-- Input for this task --
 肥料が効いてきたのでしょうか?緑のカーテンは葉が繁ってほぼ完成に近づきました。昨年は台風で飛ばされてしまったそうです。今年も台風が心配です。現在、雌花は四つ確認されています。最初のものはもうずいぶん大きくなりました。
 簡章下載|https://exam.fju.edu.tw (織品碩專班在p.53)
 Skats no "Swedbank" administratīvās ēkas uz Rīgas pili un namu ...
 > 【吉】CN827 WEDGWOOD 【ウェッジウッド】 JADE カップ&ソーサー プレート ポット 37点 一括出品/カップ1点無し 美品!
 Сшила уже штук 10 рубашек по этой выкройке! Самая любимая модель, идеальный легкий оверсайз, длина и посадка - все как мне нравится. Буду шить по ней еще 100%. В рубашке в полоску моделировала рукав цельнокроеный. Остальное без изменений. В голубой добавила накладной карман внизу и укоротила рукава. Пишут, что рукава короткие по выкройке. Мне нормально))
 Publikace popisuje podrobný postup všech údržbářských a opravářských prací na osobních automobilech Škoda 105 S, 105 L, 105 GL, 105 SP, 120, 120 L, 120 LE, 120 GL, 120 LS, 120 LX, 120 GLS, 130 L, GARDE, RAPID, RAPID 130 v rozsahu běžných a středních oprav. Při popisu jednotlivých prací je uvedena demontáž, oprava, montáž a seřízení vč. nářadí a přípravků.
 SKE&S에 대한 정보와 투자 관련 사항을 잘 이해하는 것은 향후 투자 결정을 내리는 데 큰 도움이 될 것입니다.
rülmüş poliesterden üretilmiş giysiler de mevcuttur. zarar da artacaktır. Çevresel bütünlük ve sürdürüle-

--

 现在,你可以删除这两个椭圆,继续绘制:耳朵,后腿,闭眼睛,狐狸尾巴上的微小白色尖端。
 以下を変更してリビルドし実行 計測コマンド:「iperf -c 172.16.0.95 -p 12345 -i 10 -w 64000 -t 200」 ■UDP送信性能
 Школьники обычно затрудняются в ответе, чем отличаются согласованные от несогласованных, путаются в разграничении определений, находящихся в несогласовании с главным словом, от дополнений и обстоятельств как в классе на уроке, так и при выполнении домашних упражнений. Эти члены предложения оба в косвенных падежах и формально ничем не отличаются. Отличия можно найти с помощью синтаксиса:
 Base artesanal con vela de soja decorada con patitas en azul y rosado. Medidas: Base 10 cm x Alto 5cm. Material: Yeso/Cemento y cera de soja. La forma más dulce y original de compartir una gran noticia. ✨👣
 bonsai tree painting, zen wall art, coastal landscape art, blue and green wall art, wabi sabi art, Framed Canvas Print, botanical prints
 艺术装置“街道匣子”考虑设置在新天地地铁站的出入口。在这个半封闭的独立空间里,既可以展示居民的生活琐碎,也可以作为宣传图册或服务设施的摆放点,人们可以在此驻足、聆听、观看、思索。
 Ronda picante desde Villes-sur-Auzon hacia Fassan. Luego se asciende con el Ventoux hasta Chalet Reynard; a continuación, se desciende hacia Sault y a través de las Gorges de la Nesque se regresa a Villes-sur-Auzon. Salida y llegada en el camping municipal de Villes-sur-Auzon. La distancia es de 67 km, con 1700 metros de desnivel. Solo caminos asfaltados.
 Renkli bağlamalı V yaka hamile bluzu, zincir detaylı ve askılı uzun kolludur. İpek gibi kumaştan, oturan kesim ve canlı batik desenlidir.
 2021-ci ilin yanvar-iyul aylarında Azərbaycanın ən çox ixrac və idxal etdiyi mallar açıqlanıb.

-- Description of the task --
The required output is the stretch of entries above from the line containing "Base artesanal con" through the line containing "2021-ci ilin yanvar-iyul", reproduced exactly.

-- The answer --
 Base artesanal con vela de soja decorada con patitas en azul y rosado. Medidas: Base 10 cm x Alto 5cm. Material: Yeso/Cemento y cera de soja. La forma más dulce y original de compartir una gran noticia. ✨👣
 bonsai tree painting, zen wall art, coastal landscape art, blue and green wall art, wabi sabi art, Framed Canvas Print, botanical prints
 艺术装置“街道匣子”考虑设置在新天地地铁站的出入口。在这个半封闭的独立空间里,既可以展示居民的生活琐碎,也可以作为宣传图册或服务设施的摆放点,人们可以在此驻足、聆听、观看、思索。
 Ronda picante desde Villes-sur-Auzon hacia Fassan. Luego se asciende con el Ventoux hasta Chalet Reynard; a continuación, se desciende hacia Sault y a través de las Gorges de la Nesque se regresa a Villes-sur-Auzon. Salida y llegada en el camping municipal de Villes-sur-Auzon. La distancia es de 67 km, con 1700 metros de desnivel. Solo caminos asfaltados.
 Renkli bağlamalı V yaka hamile bluzu, zincir detaylı ve askılı uzun kolludur. İpek gibi kumaştan, oturan kesim ve canlı batik desenlidir.
 2021-ci ilin yanvar-iyul aylarında Azərbaycanın ən çox ixrac və idxal etdiyi mallar açıqlanıb.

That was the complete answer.